When the television station asked him some questions about the order he wanted to place, he refused to reply, but issued the following statement:

"I believe I was discriminated against by the bakery based on my creed. As a result, I filed a complaint with the Colorado Civil Rights division. Out of respect for the process, I will wait for the director to release his findings before making further comments."

Not far from Denver, a baker in Lakewood, Colo., took an very different stance. Jack Phillips refused to bake a cake for a male couple who were getting married.

According to the New York Times, Phillips makes lots of different kinds of cakes. But he won't make a Halloween themed cake at his Masterpiece Cakeshop. He won't erotic-themed cakes and won't bake cakes for same-sex weddings because his faith believes that homosexuality is wrong.

And guess what: He's headed for court because of his refusal to bake a cake for two men in 2012.

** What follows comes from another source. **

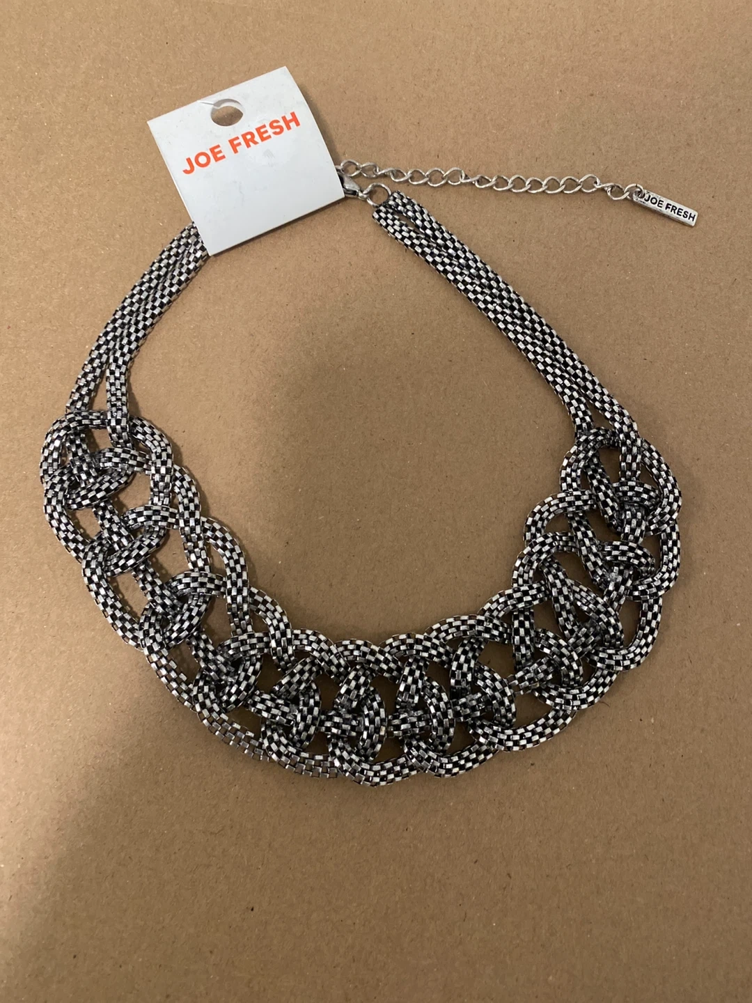 This is a Joe Fresh silver-tone statement necklace. It features a chunky, interwoven chain design. The necklace has an adjustable clasp for a custom fit.

"The refusals by the religious merchants -- bakers, florists and photographers, for example -- have been taking place for several years," the Times reports. "But now local governments are taking an increasingly hard line on the issue, as legislative debates over whether to protect religious shop owners are overtaken by administrative efforts to punish them."

In Phillips' case, the state Civil Rights Commission determined that he had violated state law banning discrimination on the basis of sexual orientation "in places of public accommodation," according to the Times.

The commission ordered Phillips produce a quarterly report detailing any orders he refuses. As a result, he has stopped taking orders for any wedding cakes until the case is settled.

"I do like doing the wedding cakes," he told the Times. "But I don't like having the government tell me which ones I can make and which ones I can't make, and trying to control that part of my life."

Other instances of businesses refusing to provide services for same-sex weddings, according to the Times, include a photographer in New Mexico, a florist in Washington State, a bakery in Oregon, an inn in Vermont, wedding chapels in Idaho and in Nevada and a wedding planner in Arizona.

The only thing that seems clear in all of this is that the debate over gay marriage will undoubtedly continue even after Unites States Supreme Court rules on the issue.